In some embodiments, the method further comprises: manufacturing, based on the selecting, the first plurality of biological sequences or the second plurality of biological sequences.

In some embodiments, the model scores include at least one model score associated with each of the plurality of biological sequences. In some embodiments, the machine learning model includes a regression model, and the model scores include regression estimates associated with the plurality of biological sequences.

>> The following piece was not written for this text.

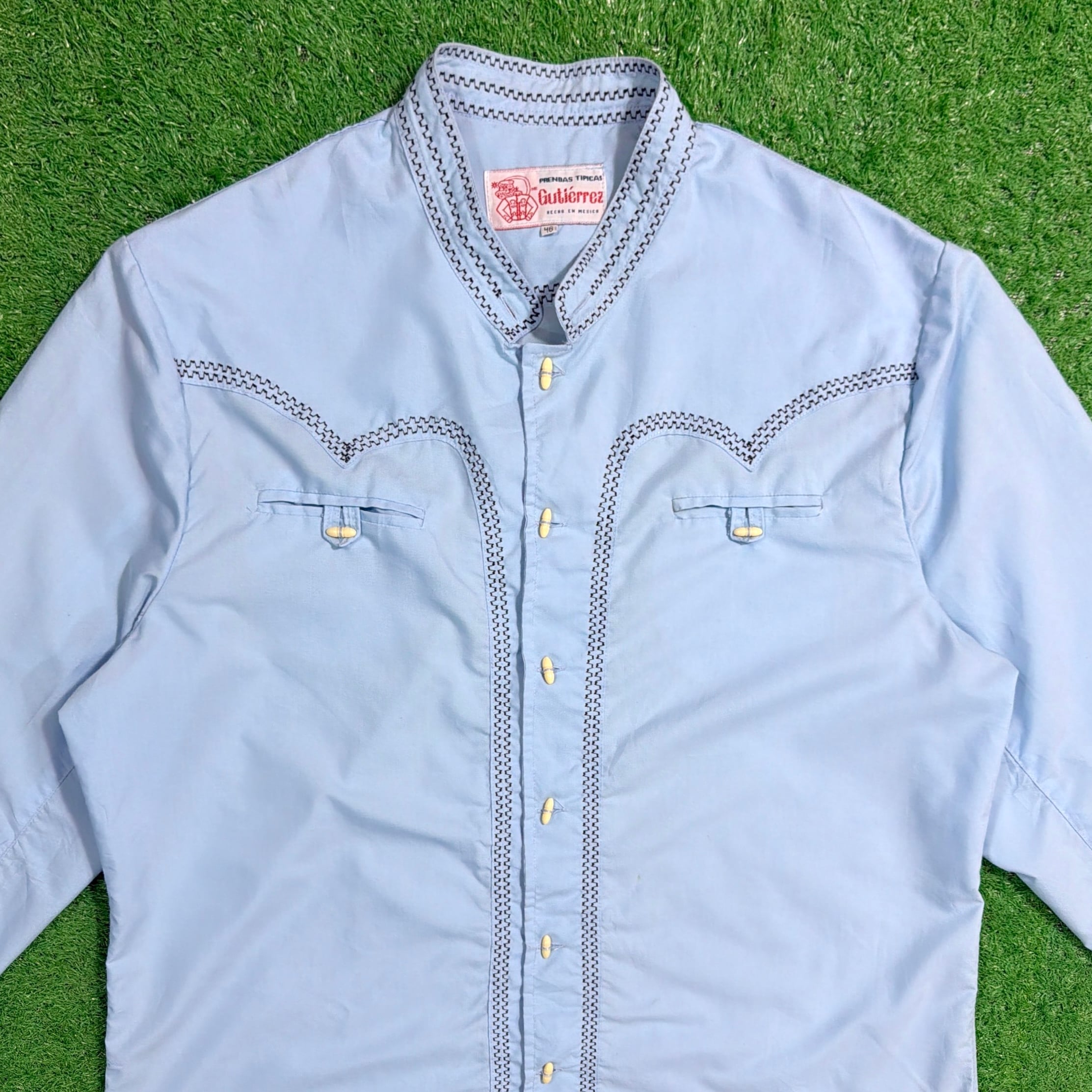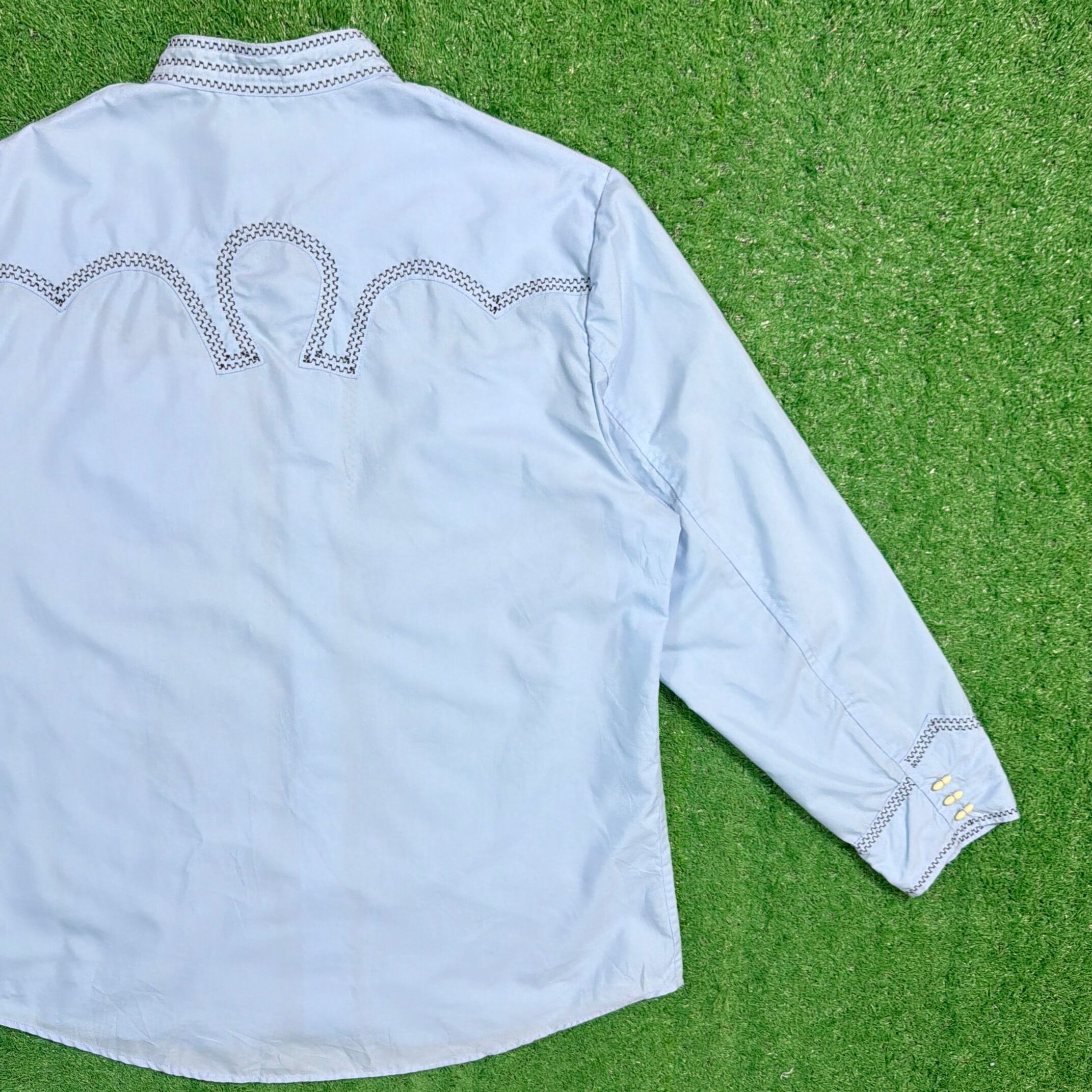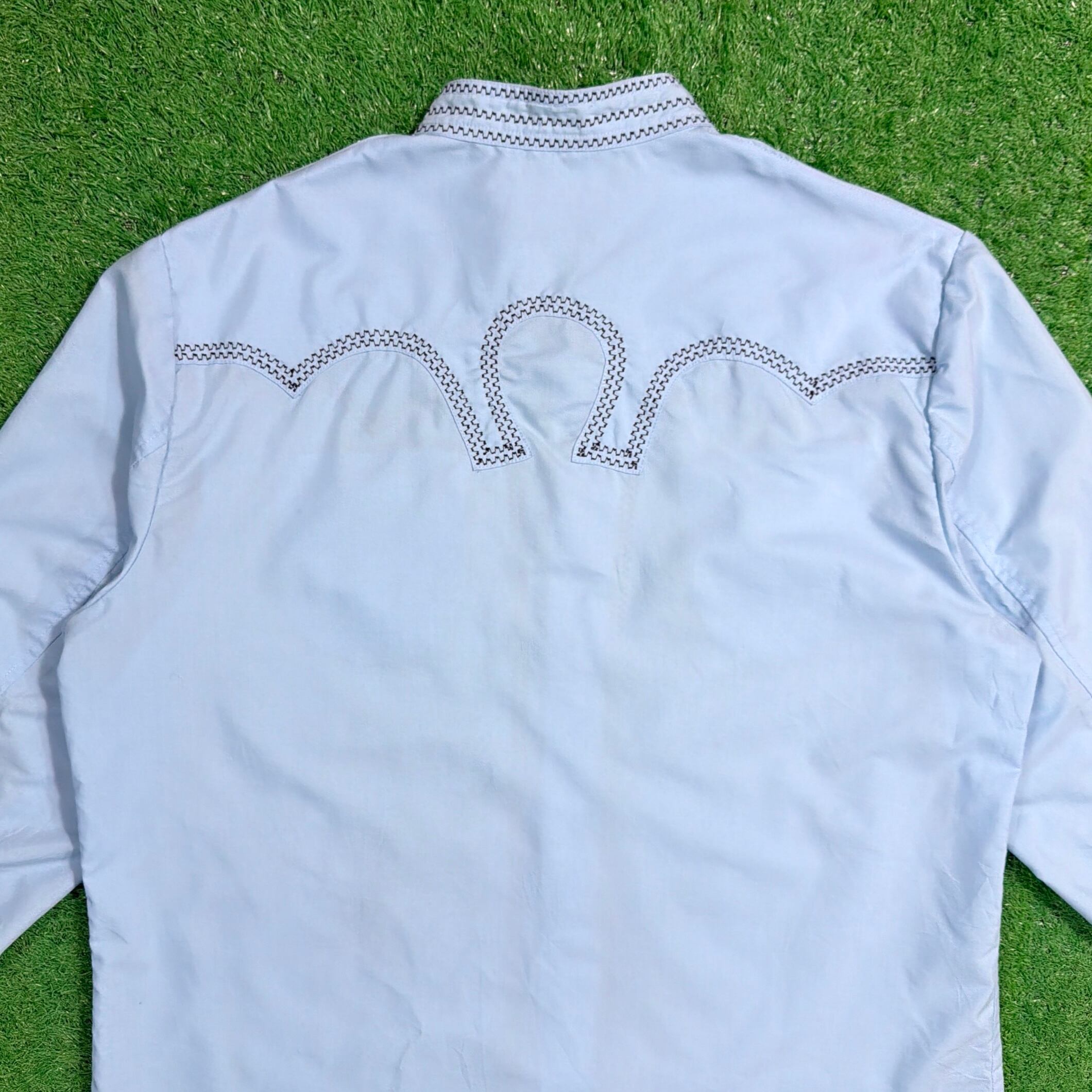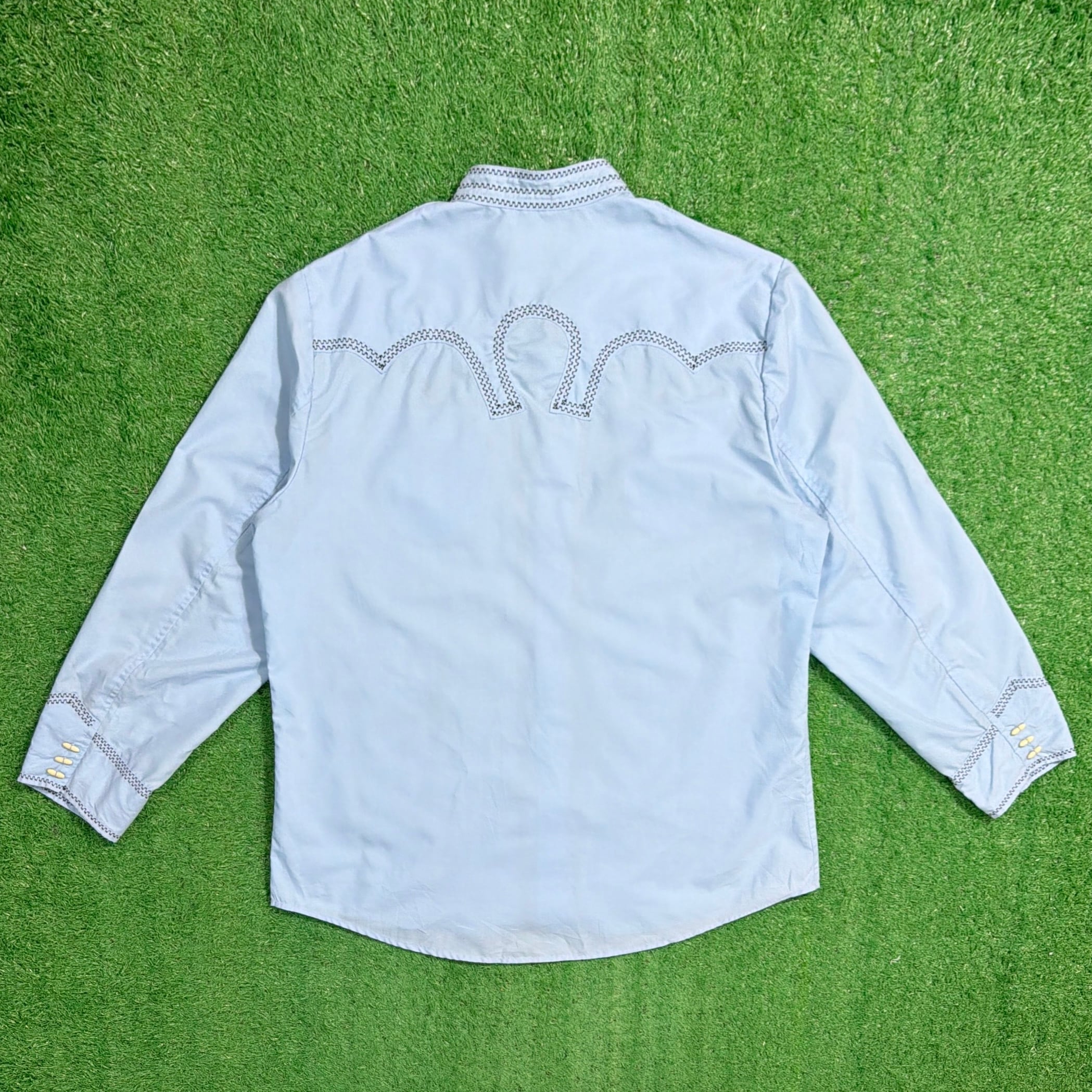 スタンドカラー(ノーカラー)仕様に、フロントから背面にかけて入る独特なステッチワークが印象的で、ウエスタンシャツやメキシカンシャツを思わせる雰囲気のある一枚。

In some embodiments, generating the output using the statistical model, the plurality of biological sequences, and the model scores further comprises identifying, using the model scores, an estimate for at least one parameter of a probability distribution for the plurality of biological sequences. In some embodiments, generating the output using the statistical model, the plurality of biological sequences, and the model scores further comprises determining, for each of the plurality of biological sequences, a probability distribution. In some embodiments, determining the probability distribution for each of the plurality of biological sequences further comprises identifying estimates for parameters of the probability distribution for each of the plurality of biological sequences based on the model scores. In some embodiments, identifying parameters of the probability distribution for each of the plurality of biological sequences further comprises identifying means and variances for the model scores, each mean and each variance corresponding to one biological sequence of the plurality of biological sequences. In some embodiments, determining the probability for each of the plurality of biological sequences further comprises determining a posterior distribution for each of the plurality of biological sequences and identifying estimates for parameters of the posterior distribution for each of the plurality of biological sequences based on the model scores.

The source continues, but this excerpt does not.